Friesisches “Willkommens-Schild” in Norddorf

Amrum ist eine nordfriesische Insel. So zeigen es die Landkarten und so nennt es das Lexikon. In den älteren Inseldörfern stehen noch etliche Friesenhäuser, und der Inselbesucher wundert sich über die fremdartigen Straßennamen mit der Verdopplung von Selbstlauten. Der „Öömrang Ferian“, hat Amrumer Verein, der sich um die Natur und Kultur der Insel bemüht, hat eines der alten Häuser in Nebel, das „Öömrang Hüs“ im Urzustande bewahrt und als Museum zur Besichtigung eingerichtet. Auf vier Gedenksteinen, verstreut über die Inseldörfer, wird das Nationallied der Amrumer präsentiert, beginnend am Aufgang zur Aussichtsdüne von Wittdün. Und bei Nebel und Norddorf werden ankommende Inselgäste mit „Öömrang“ auf Friesisch begrüßt. Auf einer Ausflugsfahrt mit der „Eilun“ zu den Seehunden im Wattenmeer wird dann der friesische Wortschatz erweitert. Und vermutlich erleben Inselgäste auch bei der einen oder anderen Gelegenheit ein Gespräch zwischen Einheimischen und haben – auch als Plattdeutsch sprechende – nicht den Hauch einer Chance, auch nur ein Wort zu verstehen.

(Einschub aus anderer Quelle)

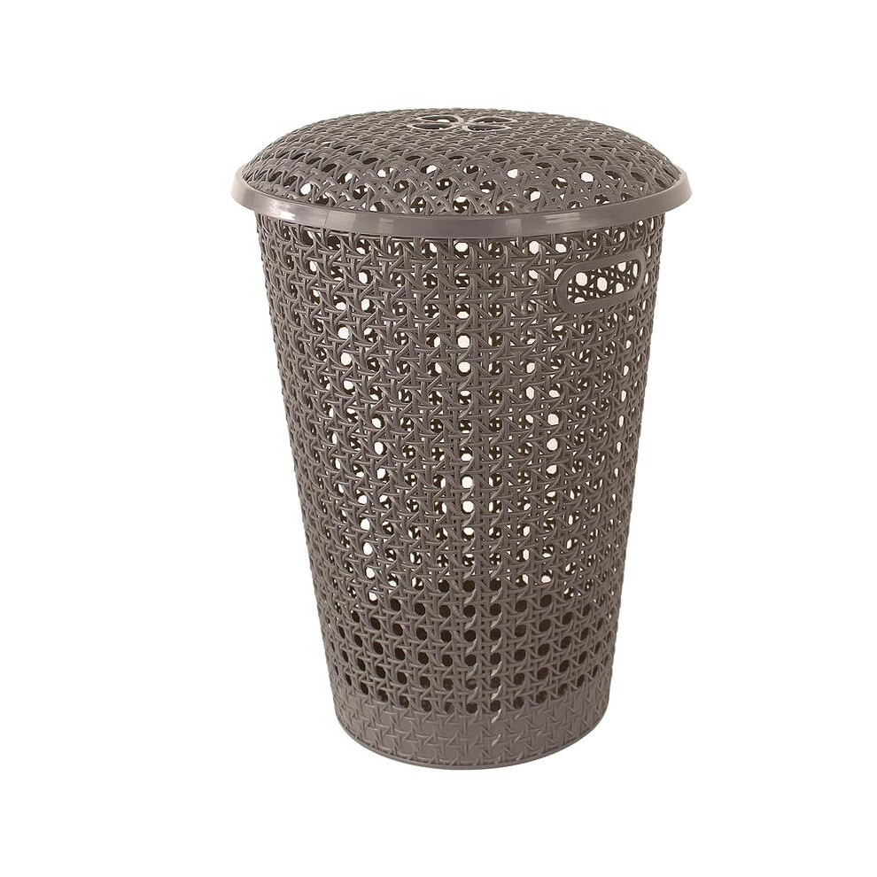 48L Plastic Laundry Basket with Lid - Large Round Washing Hamper with Handles for Clothes & Linen - Rattan Storage Basket for Bathroom, Bedroom & Utility Room - Grey, White or Taupe, 48 Litres (Grey)
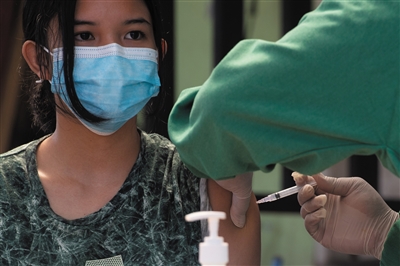 7月12日,医务人员在印度尼西亚雅加达一处人口密集区的移动疫苗接种点为居民接种新冠疫苗。
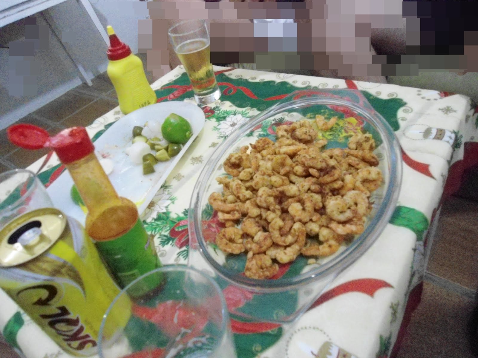 Estava eu, inocentemente, retribuindo sua visita da CVC e como sou recebida? Com camarões fritinhos e cerveja em plena sexta feira! Ai meu Deeeeeussss!!!
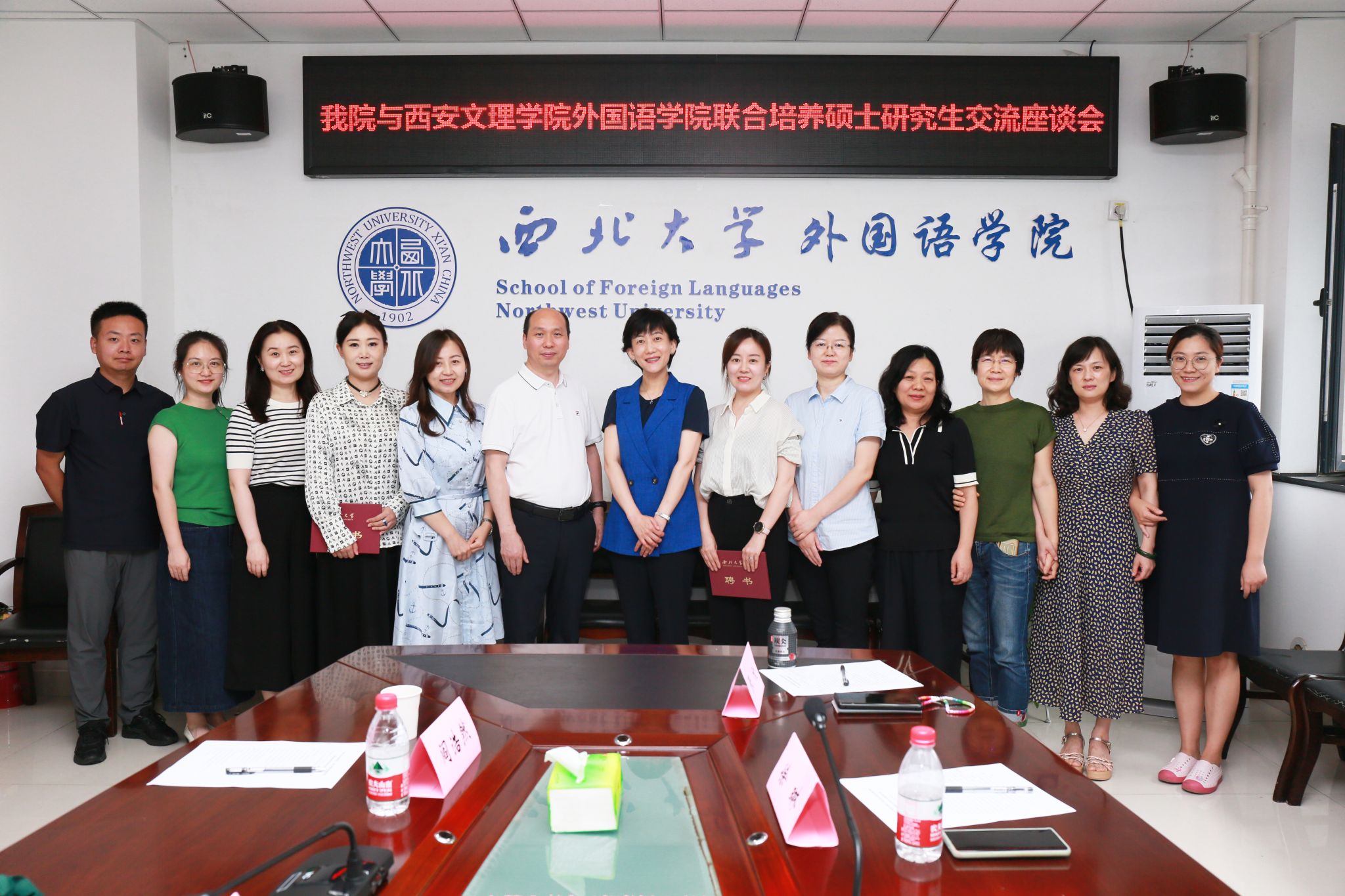 7月17日下午,为落实西北大学与烕尼斯人官方网站学科建设与硕士研究生联合培养校际合作协议内容,外国语学院院长韩红建带队,翻译系副主任倪博、副教授长孙馥蓉、英语系副主任阎浩然、刘洁琳一行5人赴西北大学外国语学院开展翻译硕士研究生联合培养座谈交流并接受校外合作导师聘任。西北大学外国语学院院长曹若男致欢迎辞并介绍了西北大学外国语学院的基本情况、翻译硕士研究生培养及两院开展联合培养的基本思路,提出双方可充分发挥资源优势,...
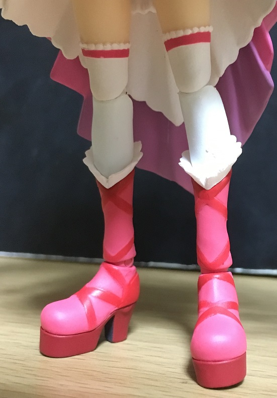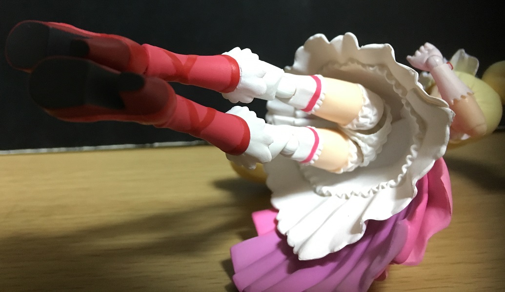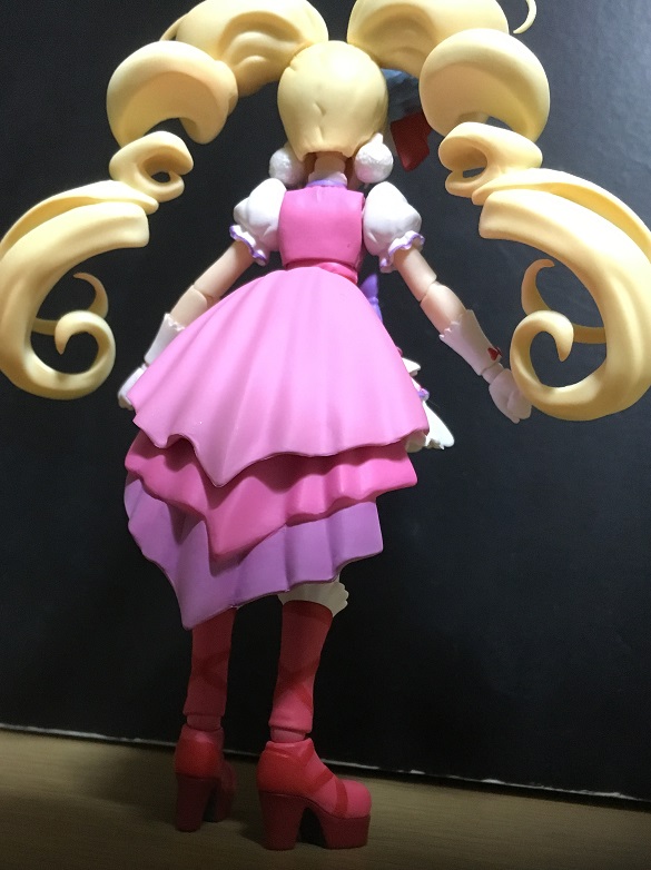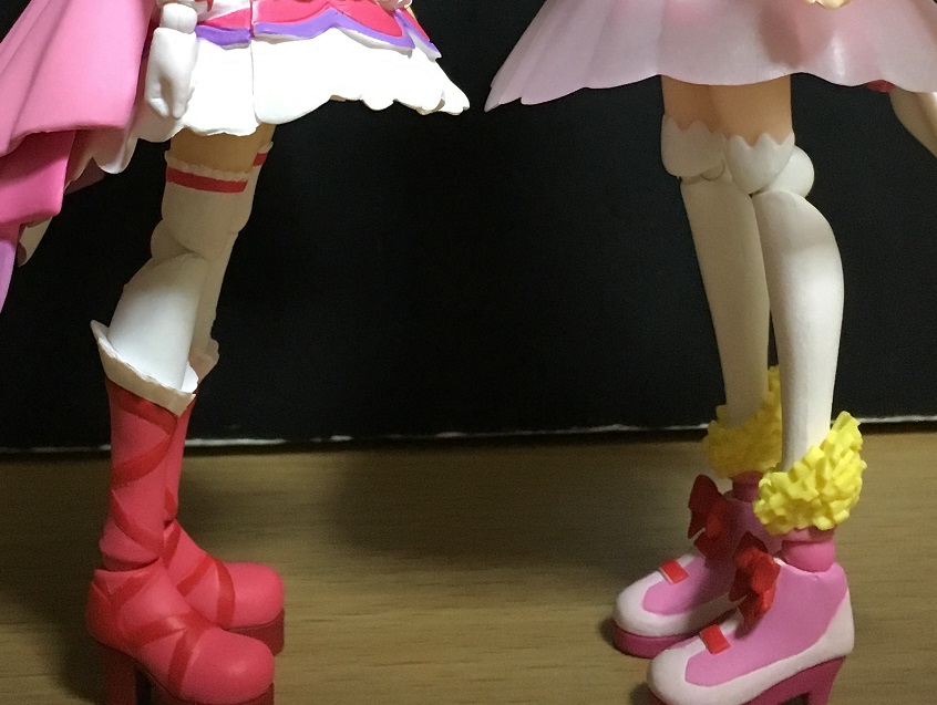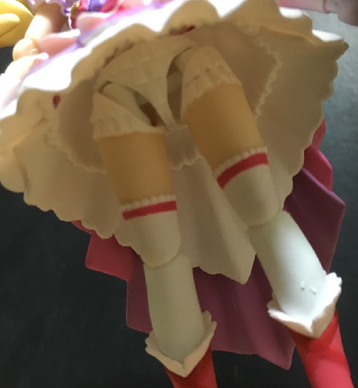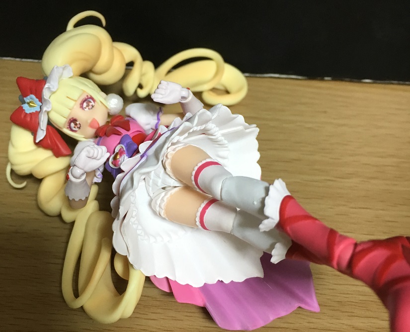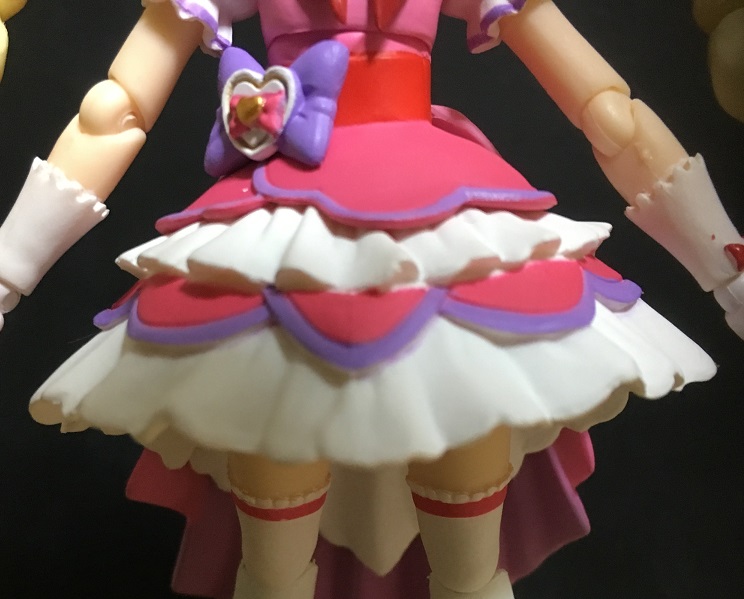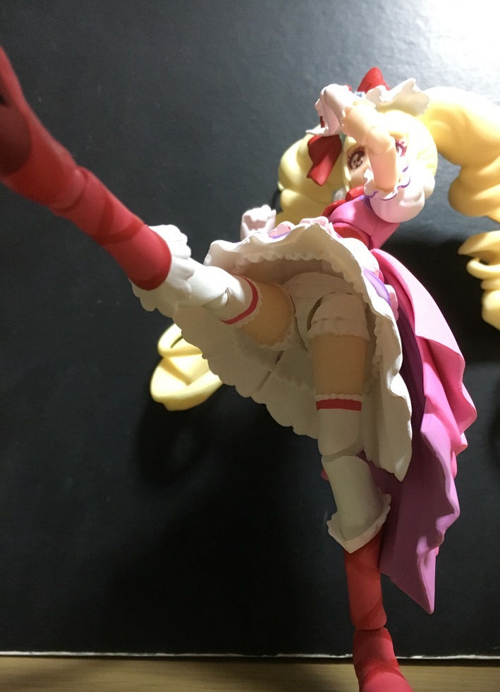 背面側ほどの長さはないので、脚を前に動かす際にあまり干渉はしません。まあ実際のスカート(といってもプリキュアのスカートは布でできてるかは怪しいですが)みたいに形状が変わるわけではないのですが、工夫すればポージングの幅は広がります。
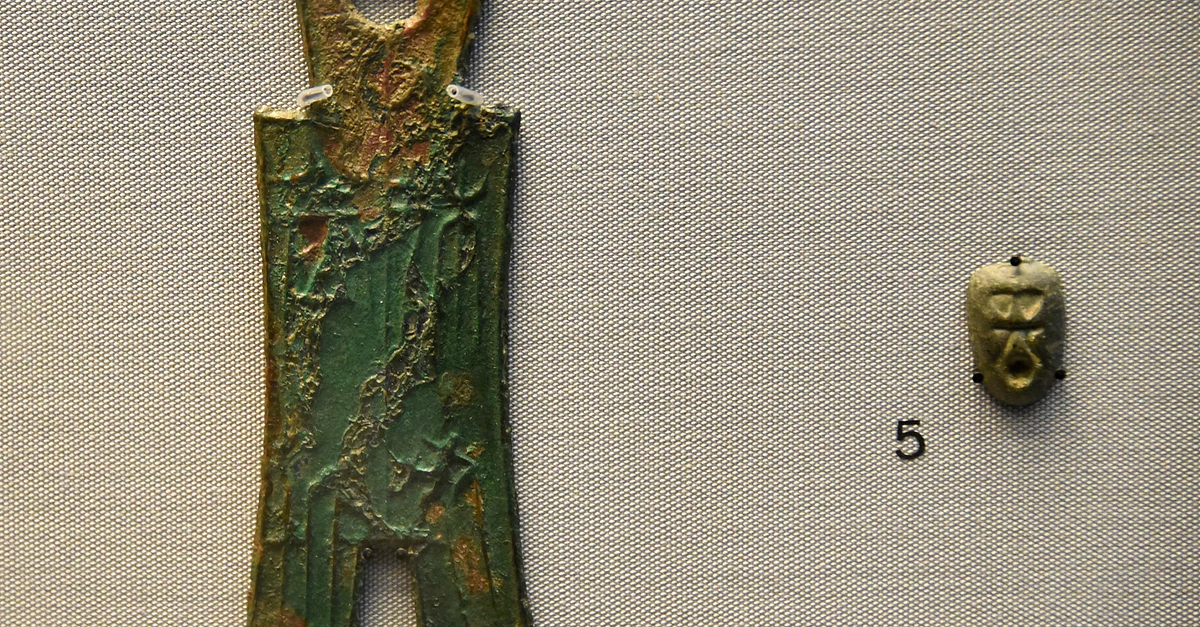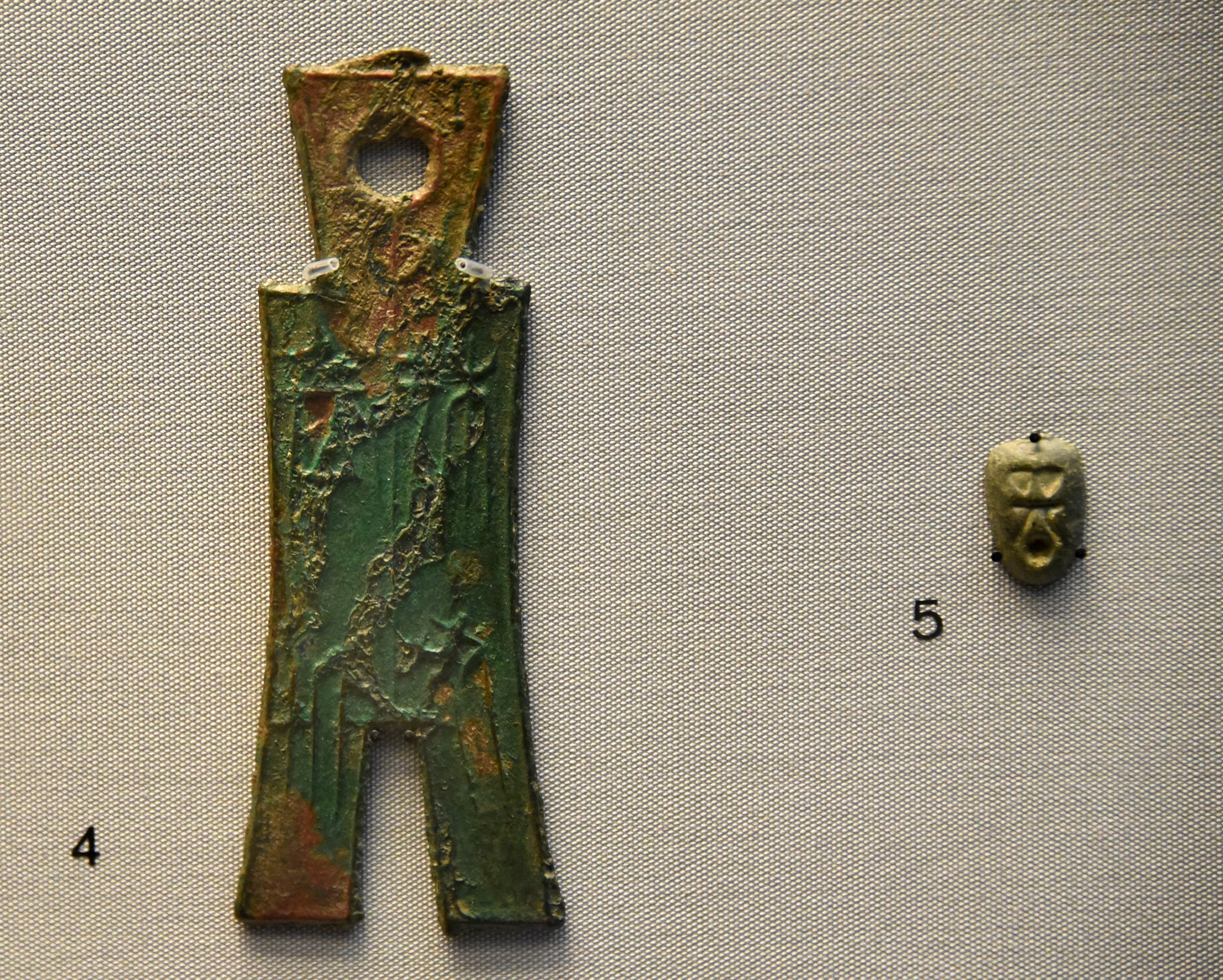 The Chu State in south-east China had a unique culture of its own, yet also interacted with other states. This is reflected in the variety of its coinage: small bronze coins (known as "ant-nose" money modelled on cowrie shells), spade money, and gold ingots. 4. Spade money with 10 huo, Chu State, Warring States period. 5. "Ant-nose" money, Chu States, Warring States period. From China, 475-221 BCE. (The British Museum, London).
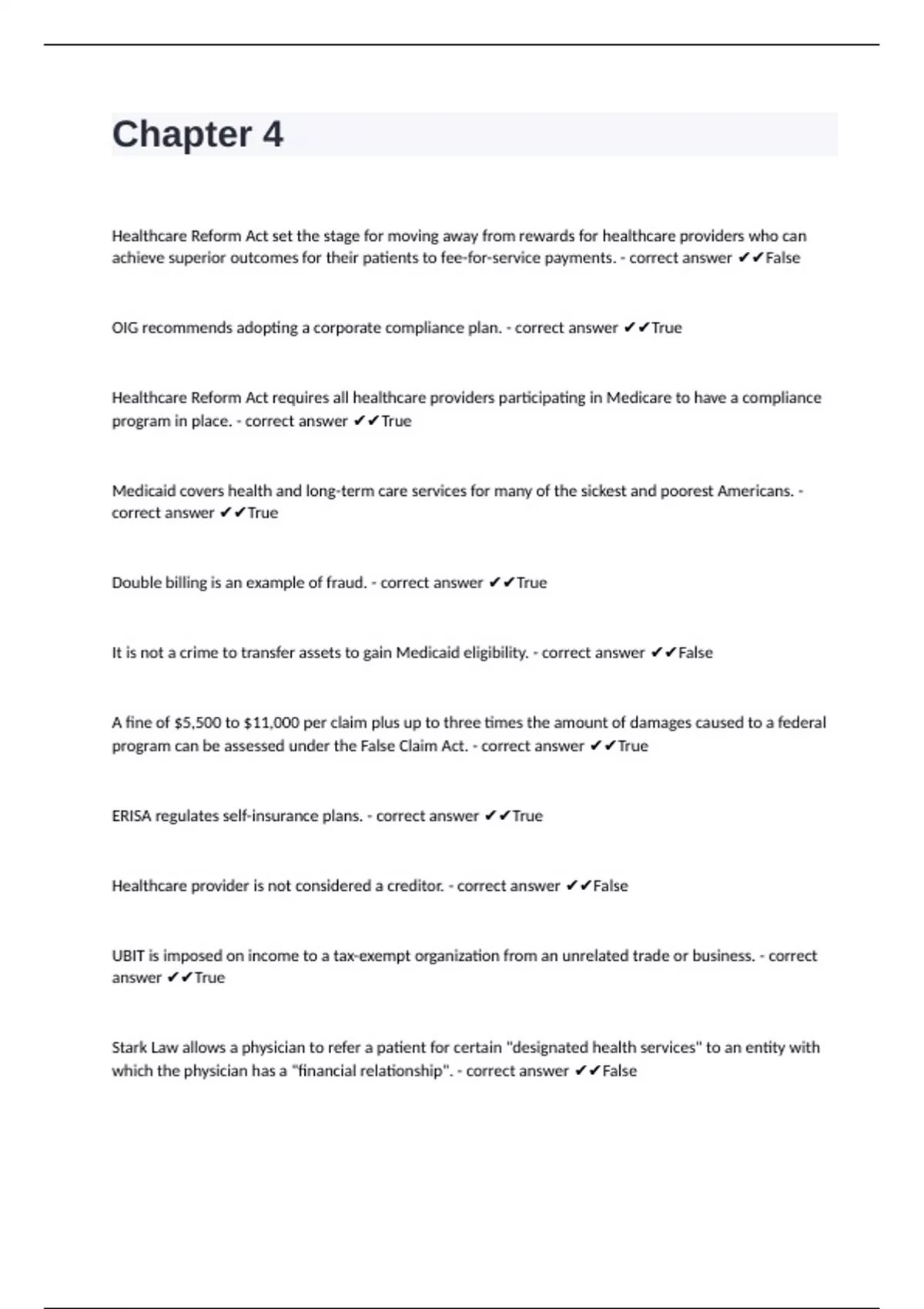 OIG recommends adopting a corporate compliance plan. - correct answer ✔✔True
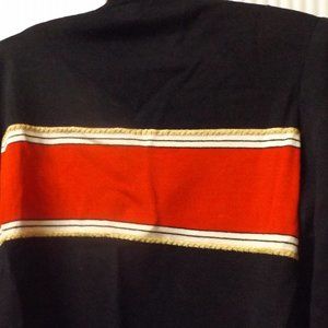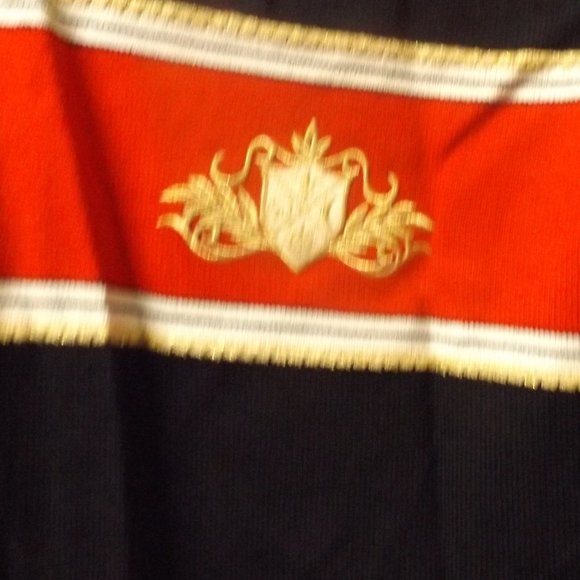 SMALL, PULLOVER NAVY SWEATER WITH RED AND A GOLD CREST ON THE FRONT
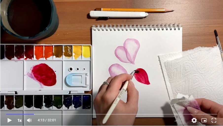 Отрабатываем приемы, которые используюся в ботанической иллюстрации "по сухому" и "по мокрому". Выполняем цветы акварелью.

Friesen bewohnen Amrum seit etwa 1300 Jahren. Nachdem die vorherige Bevölkerung, die „Alten Germanen“, die uns immerhin ihre mächtigen Findlingsgrabkammern und Hügelgräber und ihre heidnischen Wochentage hinterlassen haben, zusammen mit anderen im Norden und nahe der Nordsee ansässigen Völkerschaften in Richtung England entschwunden waren, wanderten etwa im 7./8. Jahrhundert aus Richtung Südwesten die Friesen in die weitgehend verlassene Küstenlandschaft ein – nach bisherigen Erkenntnissen zuerst auf den hochliegenden Geestinseln Sylt, Föhr und Amrum, wo nach Ausweis archäologischer Bodenfunde allerdings noch Reste der vorherigen Bevölkerung verblieben waren. Die neuen Besiedler kamen aus der Gegend der Rheinmündung und dem heutigen Nordholland und brachten ihre Kenntnisse über Küstenschutz und Wasserbauwesen und ihr Talent als Seefahrer mit. Aber auch die friesische Sprache. Die in zahlreichen Inseln voneinander isolierten Lebensräume bedingten allerdings eine zunehmende Aussplittung der Sprache in eine Vielzahl von Dialekten, von denen jene von Föhr und Amrum heute einen weitgehend übereinstimmenden und den größten Sprachenblock darstellen. Merkwürdigerweise nennen sich die Inselfriesen aber selbst nicht Friesen, sondern bezeichnen sich nach der jeweiligen Insel als Sölringen (Sylter), Feringen (Föhrer) und Öömrangen (Amrumer).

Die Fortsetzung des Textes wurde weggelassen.